Nataliia Polonska-Vasylenko ((ウクライナ語:Наталія Полонська-Василенко)) (12 February 1884 in Kharkiv – 8 June 1973 in Dornstadt, near Ulm, West Germany) was one of the foremost Ukrainian historians of the 20th century. She was a wife of the Ukrainian academician of history and statesman Mykola Vasylenko.
==Life and career==
Polonska-Vasylenko studied history under Mitrofan Dovnar-Zapol'skiy at Kiev University and from 1912 was a member of the Kiev-based Historical Society of Nestor the Chronicler. From 1916, she was a lecturer at Kiev University and Director of its archeological museum. During the 1920s, the most liberal years of Soviet rule, she was a professor at the Kiev Institutes of Geography, Archeology, and Art, and a Research Associate at the All-Ukrainian Academy of Sciences (VUAN). She witnessed, but survived the Joseph Stalin purges of the 1930s and was a member of the reorganized and Sovietized academy from 1937 to 1941. In 1940, she received her doctorate and became a professor at Kiev University.

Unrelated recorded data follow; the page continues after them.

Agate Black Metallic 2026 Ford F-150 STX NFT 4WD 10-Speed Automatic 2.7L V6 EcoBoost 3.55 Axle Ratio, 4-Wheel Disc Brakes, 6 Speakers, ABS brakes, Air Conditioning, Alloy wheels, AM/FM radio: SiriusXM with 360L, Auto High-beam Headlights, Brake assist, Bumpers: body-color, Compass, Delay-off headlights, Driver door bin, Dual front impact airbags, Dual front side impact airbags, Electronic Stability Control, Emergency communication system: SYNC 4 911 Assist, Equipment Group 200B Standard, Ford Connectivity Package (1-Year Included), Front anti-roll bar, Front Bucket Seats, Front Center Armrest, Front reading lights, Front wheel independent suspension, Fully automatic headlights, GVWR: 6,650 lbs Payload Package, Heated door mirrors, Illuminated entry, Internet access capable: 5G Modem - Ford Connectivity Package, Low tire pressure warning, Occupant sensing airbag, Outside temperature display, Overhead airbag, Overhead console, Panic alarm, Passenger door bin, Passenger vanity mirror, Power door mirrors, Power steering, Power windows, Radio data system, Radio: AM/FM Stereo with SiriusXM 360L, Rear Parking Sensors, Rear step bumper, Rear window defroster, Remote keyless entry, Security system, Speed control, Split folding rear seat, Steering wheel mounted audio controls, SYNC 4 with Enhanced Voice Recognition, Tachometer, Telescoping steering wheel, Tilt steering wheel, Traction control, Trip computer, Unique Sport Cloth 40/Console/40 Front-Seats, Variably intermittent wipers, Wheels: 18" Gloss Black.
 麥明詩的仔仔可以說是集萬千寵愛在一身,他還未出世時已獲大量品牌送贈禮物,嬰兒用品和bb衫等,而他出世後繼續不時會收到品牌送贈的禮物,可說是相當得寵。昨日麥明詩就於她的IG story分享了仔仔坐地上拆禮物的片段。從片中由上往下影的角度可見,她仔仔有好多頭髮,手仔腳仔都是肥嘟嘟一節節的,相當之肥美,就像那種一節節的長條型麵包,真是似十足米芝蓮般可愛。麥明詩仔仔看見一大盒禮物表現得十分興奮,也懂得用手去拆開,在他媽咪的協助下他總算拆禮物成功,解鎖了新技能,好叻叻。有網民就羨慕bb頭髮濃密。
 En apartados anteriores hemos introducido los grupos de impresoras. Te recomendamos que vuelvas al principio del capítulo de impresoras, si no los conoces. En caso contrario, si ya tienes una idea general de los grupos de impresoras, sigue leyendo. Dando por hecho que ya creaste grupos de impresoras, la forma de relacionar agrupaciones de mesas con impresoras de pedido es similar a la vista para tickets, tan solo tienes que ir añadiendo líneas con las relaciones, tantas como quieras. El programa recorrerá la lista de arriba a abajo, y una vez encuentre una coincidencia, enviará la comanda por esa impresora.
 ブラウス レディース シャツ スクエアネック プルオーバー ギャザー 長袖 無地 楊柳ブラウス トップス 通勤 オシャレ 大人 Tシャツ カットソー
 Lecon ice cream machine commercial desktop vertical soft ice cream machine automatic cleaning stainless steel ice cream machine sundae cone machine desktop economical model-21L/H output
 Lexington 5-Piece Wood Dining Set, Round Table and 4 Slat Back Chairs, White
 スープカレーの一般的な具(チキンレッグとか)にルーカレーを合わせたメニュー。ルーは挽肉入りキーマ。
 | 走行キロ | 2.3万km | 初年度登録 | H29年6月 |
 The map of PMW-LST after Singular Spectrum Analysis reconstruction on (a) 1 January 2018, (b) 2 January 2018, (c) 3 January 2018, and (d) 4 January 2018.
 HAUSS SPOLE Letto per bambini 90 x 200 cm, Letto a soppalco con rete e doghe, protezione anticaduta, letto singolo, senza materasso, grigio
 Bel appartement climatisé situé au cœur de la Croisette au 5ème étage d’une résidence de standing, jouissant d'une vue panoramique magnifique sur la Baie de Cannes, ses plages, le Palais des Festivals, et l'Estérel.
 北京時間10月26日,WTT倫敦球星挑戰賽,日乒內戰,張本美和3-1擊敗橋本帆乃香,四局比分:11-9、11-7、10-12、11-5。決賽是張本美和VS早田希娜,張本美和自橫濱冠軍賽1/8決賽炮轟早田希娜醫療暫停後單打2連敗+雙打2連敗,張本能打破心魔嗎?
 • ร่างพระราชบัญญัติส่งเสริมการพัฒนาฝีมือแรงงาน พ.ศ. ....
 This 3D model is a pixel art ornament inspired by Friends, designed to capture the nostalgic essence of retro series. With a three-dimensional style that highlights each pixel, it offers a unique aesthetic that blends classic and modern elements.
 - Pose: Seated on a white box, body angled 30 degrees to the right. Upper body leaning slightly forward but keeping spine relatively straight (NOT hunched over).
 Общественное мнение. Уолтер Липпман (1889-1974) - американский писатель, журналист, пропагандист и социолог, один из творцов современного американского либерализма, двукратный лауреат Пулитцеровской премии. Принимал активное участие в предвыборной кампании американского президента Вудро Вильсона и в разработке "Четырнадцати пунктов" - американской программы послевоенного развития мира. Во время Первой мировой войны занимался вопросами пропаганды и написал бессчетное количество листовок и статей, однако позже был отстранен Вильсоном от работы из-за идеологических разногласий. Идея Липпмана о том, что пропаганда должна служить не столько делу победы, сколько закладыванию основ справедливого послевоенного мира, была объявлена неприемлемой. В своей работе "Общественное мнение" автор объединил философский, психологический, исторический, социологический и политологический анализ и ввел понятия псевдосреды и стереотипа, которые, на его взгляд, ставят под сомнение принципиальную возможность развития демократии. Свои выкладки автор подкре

During the German occupation, she directed the Kiev Central Archive of Old Documents and worked in Kiev City Administration, was responsible for renaming of streets and consulted Kiev Archive Museum of Transitional Period (dedicated to achievements of German occupation and crimes of Communists). As the tide of the war turned against the Germans, she fled west, first to Lviv, then to Prague, and finally to Bavaria. She was a Professor at the Ukrainian Free University in Prague (1944–45), and moved together with this institution to Munich where she continued to teach until her death in 1973. In the 1960s, she took an active part in the establishment of the American-Based Ukrainian Historical Association and was its Vice-president from 1965.